A New Season in Revenue Management?

The Arab world is changing. In early September, the news featured former Libyan leader Colonel Muammar Gadhafi's battle to maintain power. Even before Gadhafi's eventual fall, Libyans were already planning for the future of their country.

I met two such Libyans on 7 September at a Revenue Watch workshop on oil revenue management in Beirut, Lebanon. Bringing together civil society leaders from seven Middle Eastern and North African countries—Algeria, Bahrain, Iraq, Kuwait, Libya, Morocco and Yemen—the training provided an opportunity for all to learn more about developments in the region and how civil society can influence oil revenue management policies for the better. The training covered the institutions, policies and systems that are or should be in place from the moment oil, gas and mining revenues are collected until these funds enter the budget.

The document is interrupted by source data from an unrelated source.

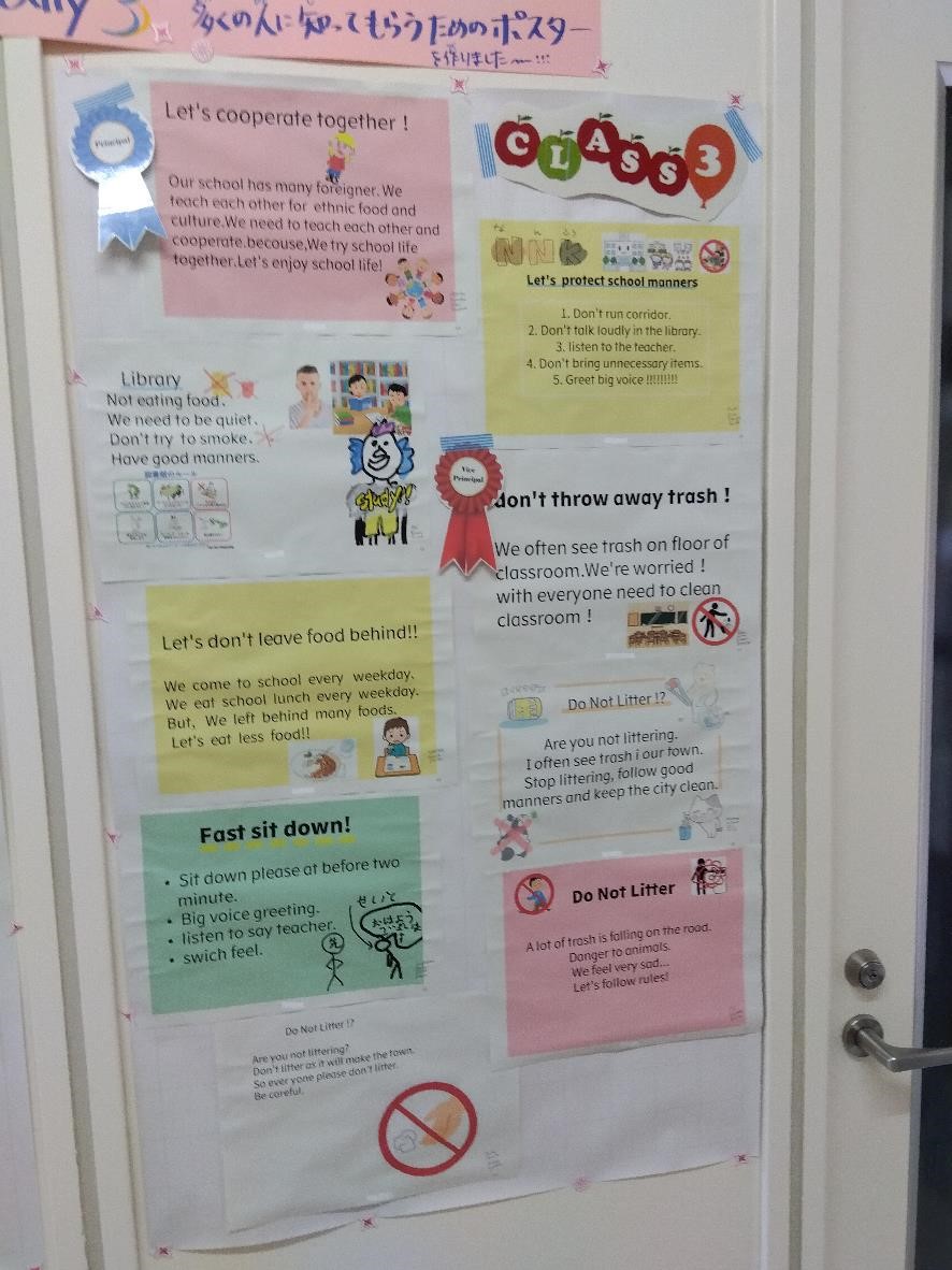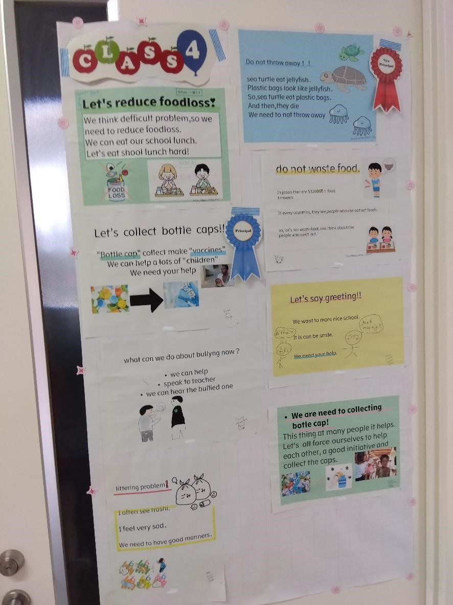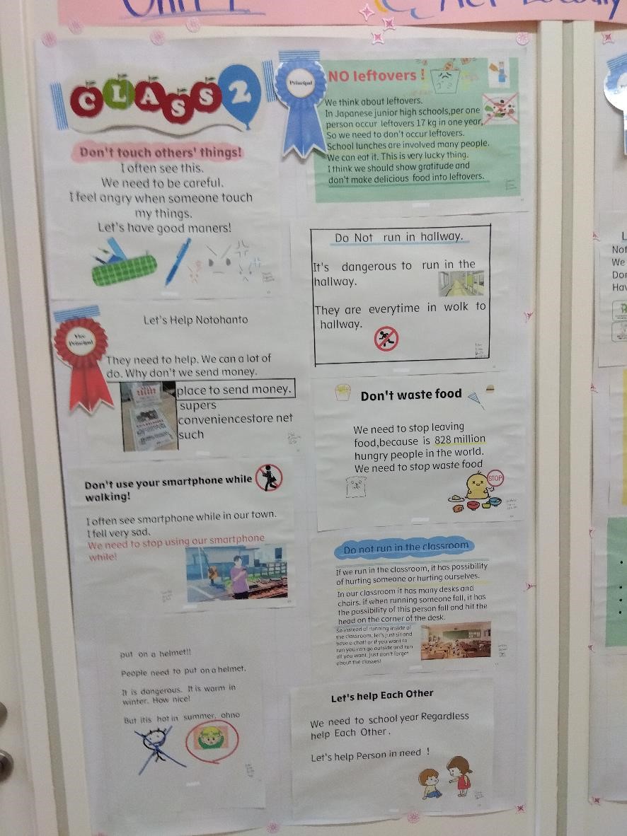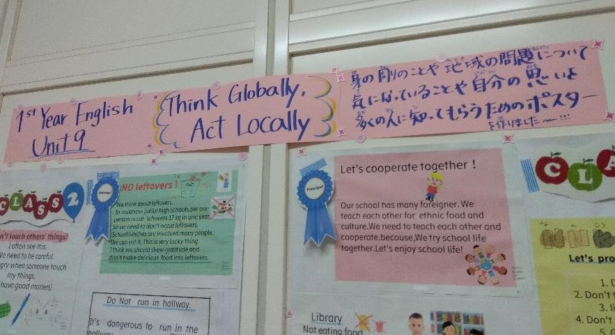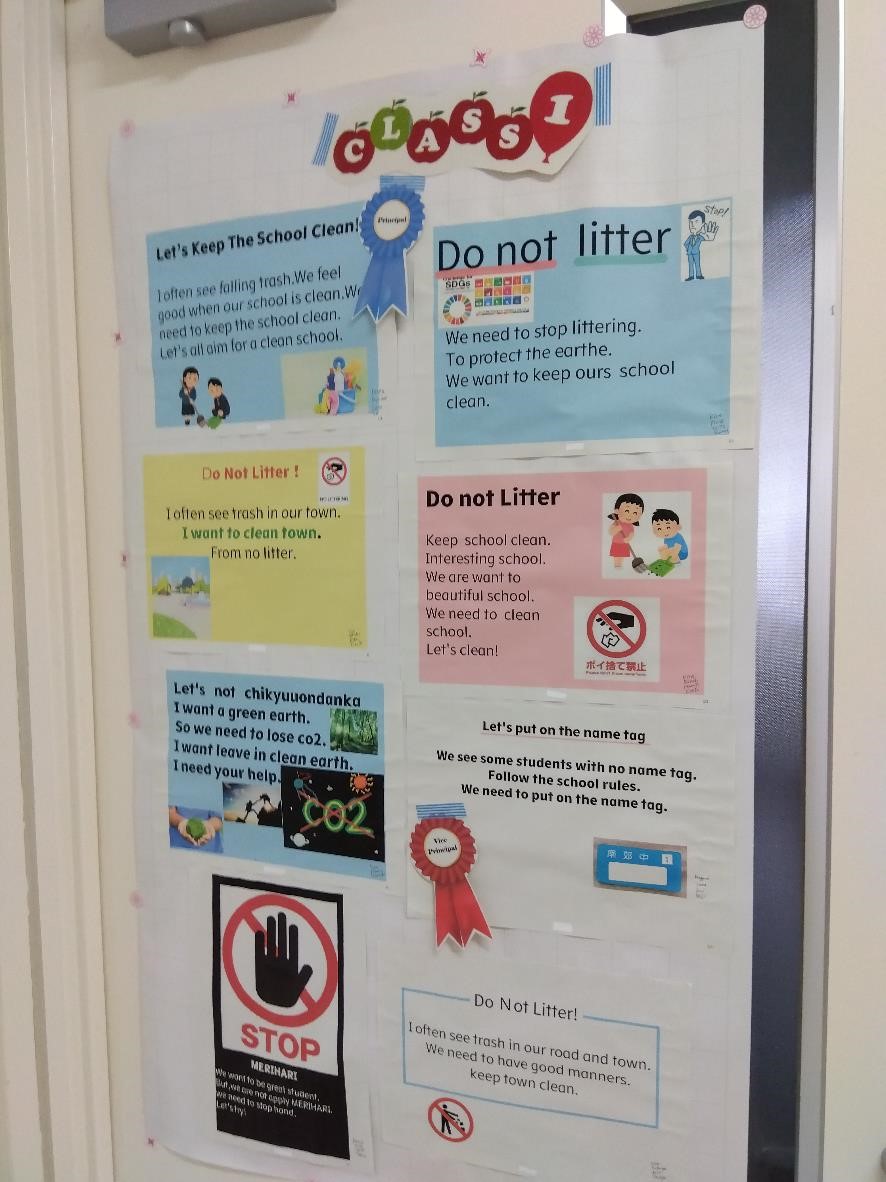 少し前の話になるのですが、1年生の英語の時間に、身の回りの問題について、自分が気になっていることや自分思いを多くの人たちに知ってもらうためのポスター作りに取り組んでもらいました。中身は、この学校に沢山いる外国につながる仲間たちのことや、能登半島地震のこと、給食の食べ残しのこと、ごみのポイ捨てについてのこと、環境問題に関すること、歩きスマホのことや、名札をつけること等々、それぞれの生徒が考えたことや自分の思いを英語でポスターにしてくれています。今、その作品たちが、生徒昇降口から本館に向かう壁の所に、クラス別で掲示されていますので、ぜひゆっくり見てください。因みに、赤いリボンが校長賞、青いリボンが教頭賞です。
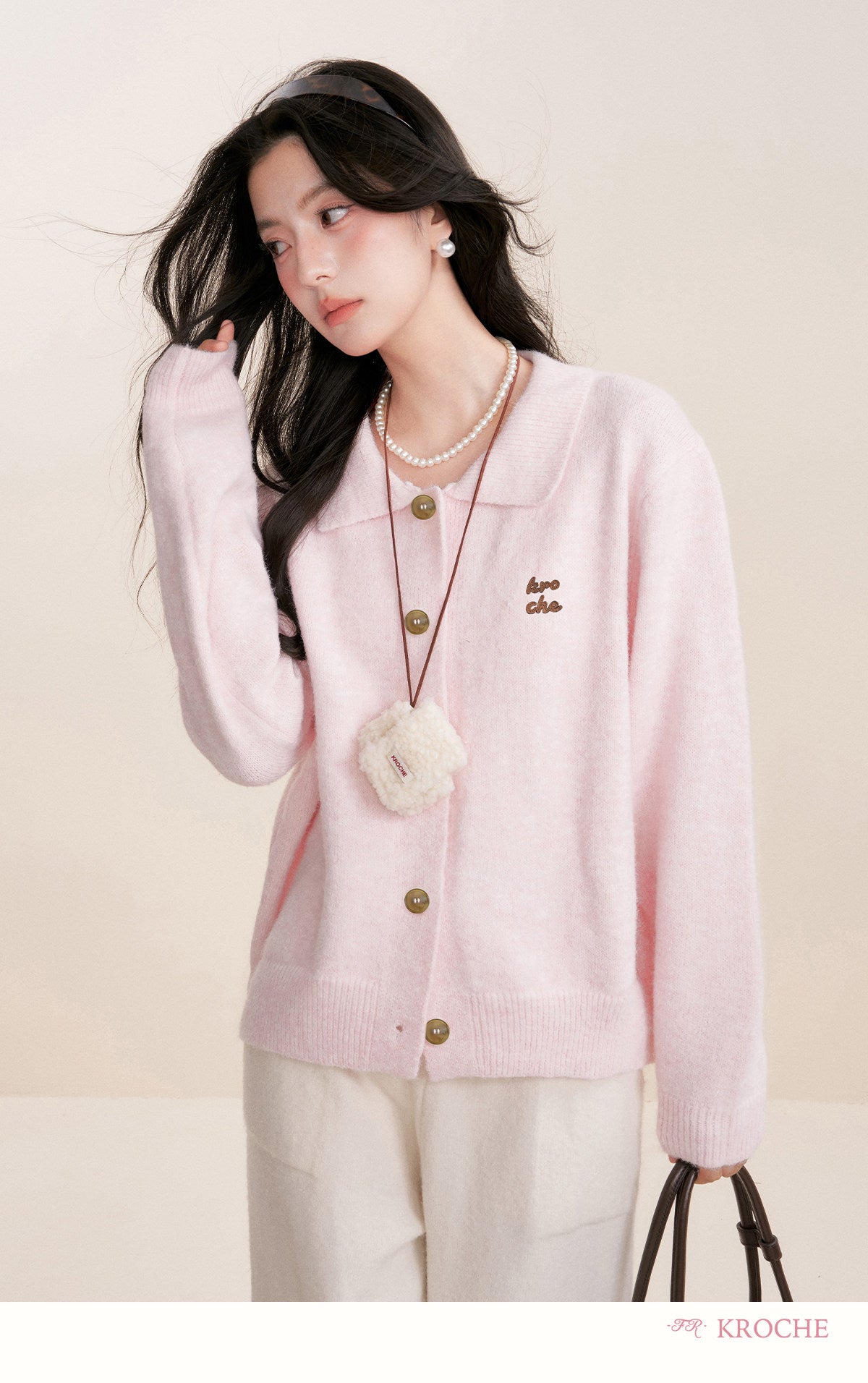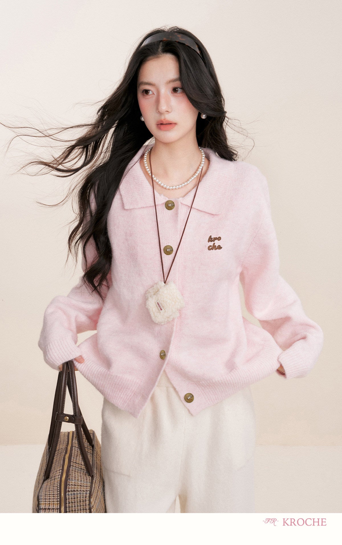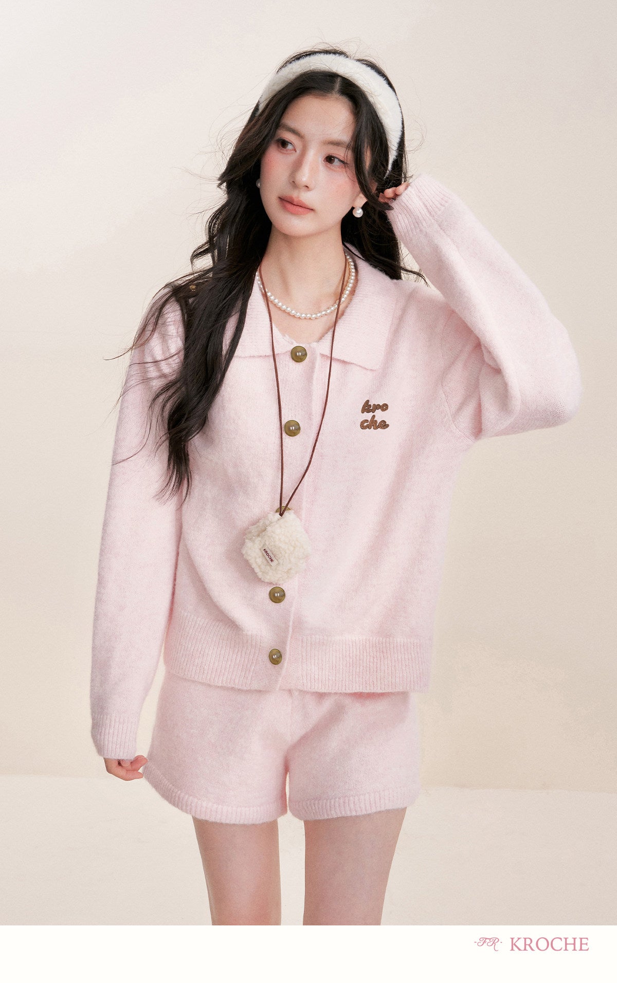 Kroche 2602 撞色贴布绣翻领毛衣+毛织短裤
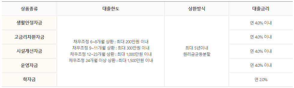 대출은 운영자금, 시설자금, 생계자금, 저금리 전환자금(대환대출), 학자금 용도로 이용하실 수 있습니다.
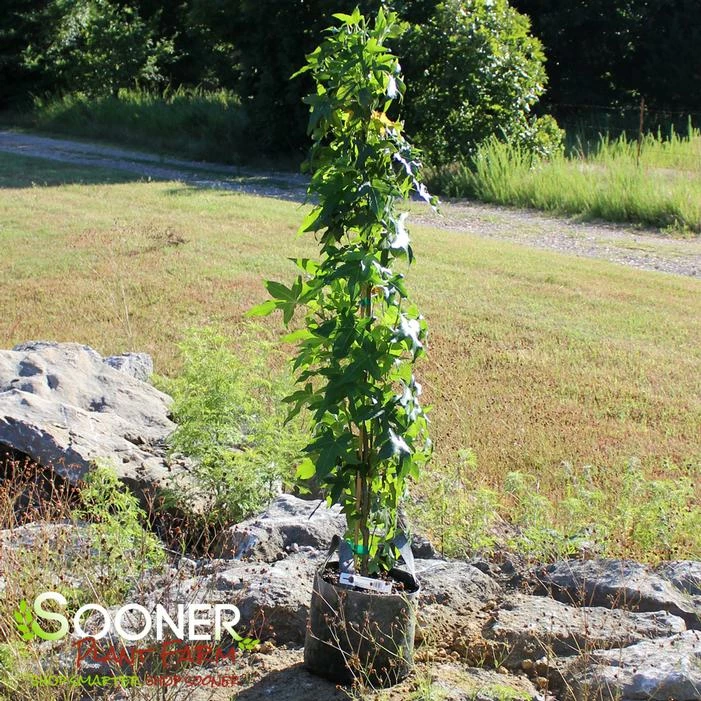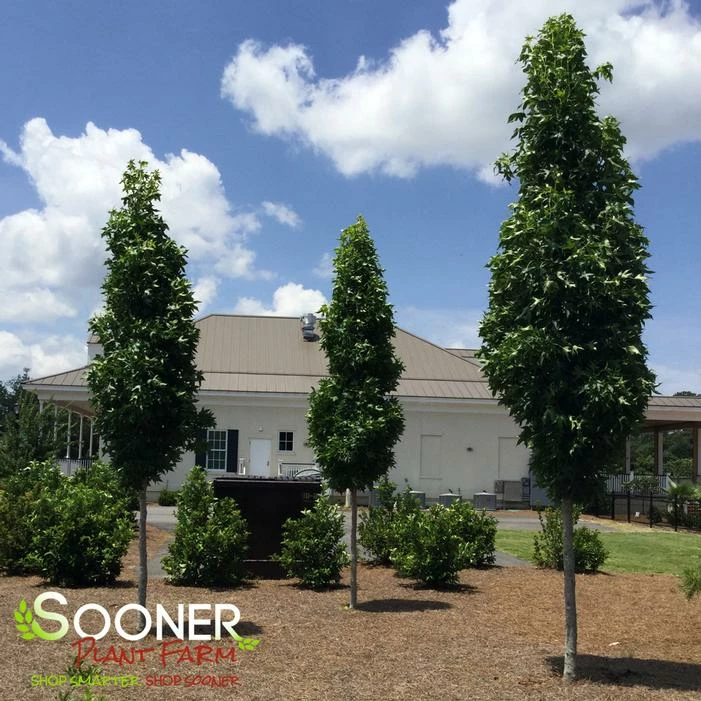 Buy Slender Silhouette Sweetgum online. A stunning columnar tree perfect for a garden accent. Falls colors are a striking orange, yellow and red. Trees only occasionally set fruit.
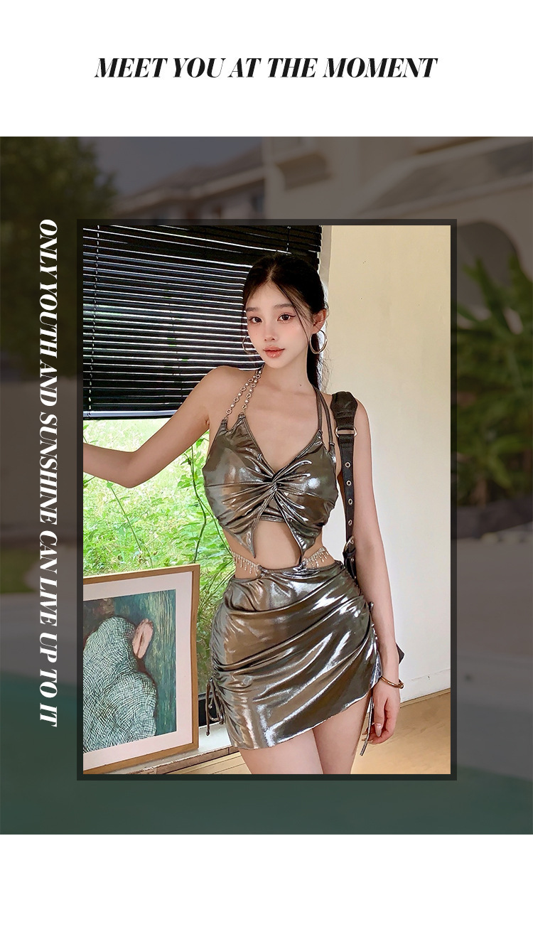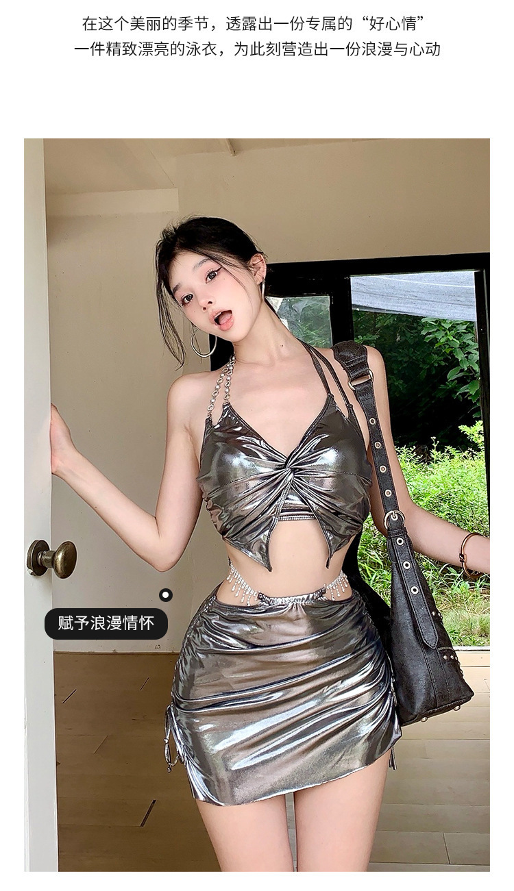 섹시한 태국 스타일 뜨거운 소녀 수영복 여성 Instagram 스타일 분할 스커트 3 피스 세트 나이트 클럽 스타일 실버 스커트 온천 수영복스토어 가기
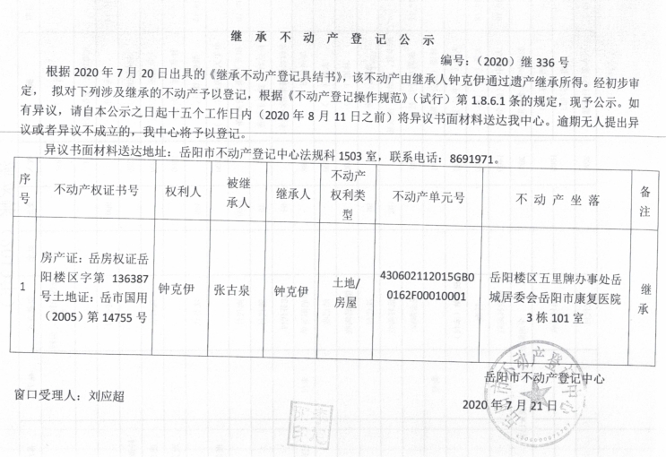 继承(受遗赠)不动产登记公告(钟克伊)

In the afternoon, the group dug in the details of sovereign wealth funds, comparing the functioning of the wealth fund in Timor-Leste to the one in Wyoming, which is the richest state per capita in the United States. I overheard a lively "risk-return" discussion between participants from Libya and Iraq. In another group there was broad consensus that changing the policies of an oil fund within its first two years of operation does not convey the right message. From the discussion on whether U.S. bonds are a safe investment, the "lunch and learn" session on government operations in Iraq to the crisp presentation from a Kuwaiti participant on that country's revenue management system, the event created a rich opportunity for participants to compare notes and hear what has worked, and what has not, in one another's countries.